E’ stato il primo a dimostrare che certi inquinanti ambientali sono resposanbili dello sviluppo dei tumori. E’ Cesare Maltoni, nato a Faenza nel 1930 e laureato in Medicina nell’anno accademico 1954-55 presso l’università di Bologna. Uno scienziato scrupoloso, più conosciuto negli Stati Uniti che in Italia, che merita di essere raccontato per le sue parole e le sue battaglie, oggi più necessarie che mai.
Il film-documentario “Vivere, che rischio”, di Michele Mellara e Alessandro Rossi, descrive la figura poliedrica del più noto punto di riferimento internazionale nell’ambito della ricerca sulla cancerogenesi ambientale e della prevenzione oncologica. Un uomo capace di portare avanti con energia le sue idee e di sfidare, in nome della salute pubblica, poteri e convenzioni. Scopriamo un carattere burbero e irascibile, attraverso la voce dell’attore ravennate Luigi Dadina. I due registi attingono da un archivio di video privati e pubblici per raccontare la realtà bolognese e italiana che ha accompagnato la vita e il lavoro di Maltoni: ambulatori, screening, ricerca ospedaliera, politica, processi, la vita tra gli anni Sessanta e il Duemila. Il montaggio fa ricorso ad animazioni e grafici per tenere alta l’attenzione dello spettatore su argomenti che ancora rappresentano un tabù.

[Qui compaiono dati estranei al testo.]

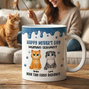 BMSM10 BMSM15 BMSM20 Make her smile every morning with a mug that perfectly captures the hilarious truth of cat ownership. This personalized mug features adorable custom cats with their names, paired with the playful message “Happy Mother’s Day Human Servant – Your Tiny Furry Overlords.” It’s the perfect blend of humor and love, turning her daily coffee or tea into a joyful reminder of her favorite little companions.
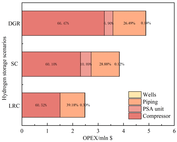 图3 存储107kg H2各储氢场景下运维成本(OPEX)组成

Lo scontro con la politica e la mala sanità, nel tempo lo isolarono. L’industria vedeva Maltoni come un nemico da screditare, l’università con i suoi Baroni troppo presi dalle loro lotte al coltello tra lobby contrapposte, gli era ostile perché conduceva ricerche al di fuori dell’accademia. Eppure Maltoni riusci a imporsi all’attenzione di tutti come il simbolo di un’oncologia che va tra le persone per dire che se i giochi della politica possono dimenticare che il cancro è un problema sistemico, ci sono ricercatori che, con la prevenzione, restano a fianco dei cittadini.

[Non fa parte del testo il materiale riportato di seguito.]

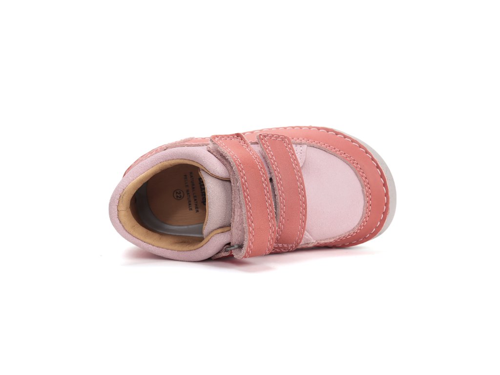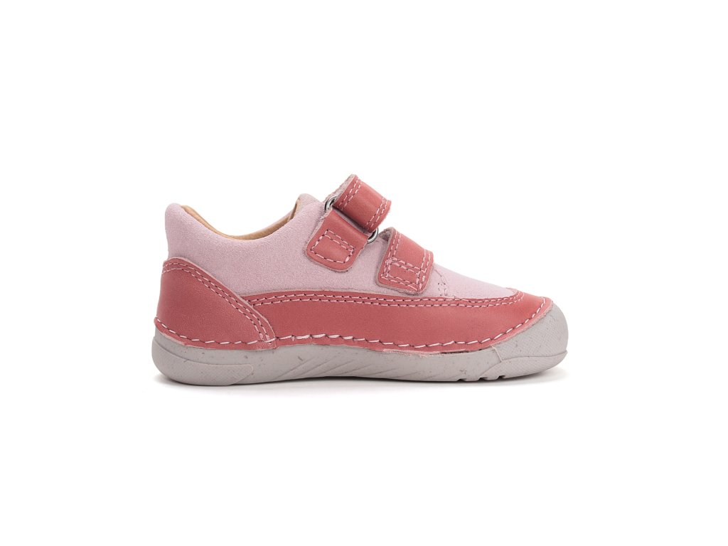 Kvalitné detské celokožené topánky od obľúbeného výrobcu D.D.STEP. Nastaviteľné pomocou suchého zipsu. Výhodou je vyvýšená guma v prednej časti, ktorá zabraňuje okopávaniu topánok. Topánky sedia na normálnu až širokú nôžku, aj s vysokým priehlavkom.

A Maltoni si deve l’avvio nel 1966 del primo programma di screening sulla popolazione femminile per la diagnosi precoce dei tumori della mammella e del collo dell’utero. Di certo ha contribuito non poco alla presa di coscienza collettiva rispetto ai rischi ambientali che il nostro modo di vivere ha creato.

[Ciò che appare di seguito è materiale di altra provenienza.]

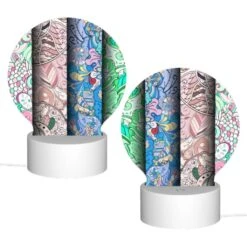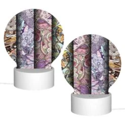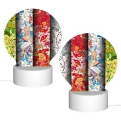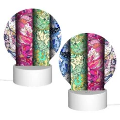 Round Acrylic Night Light, Four Different Colored Designs Of Swirls And Patterns.

Prodotto da Mammut Film con il supporto dell’Istituto Ramazzini, distribuito da I Wonder Pictures e da Unipol Biografilm Collection, Vivere che rischio “apre ampi spazi di riflessione su tutti i temi che riguardano la prassi e la ricerca scientifica, lo studio sulla prevenzione di malattie mortali, l’idea stessa di sanità pubblica e di tutela alle persone”.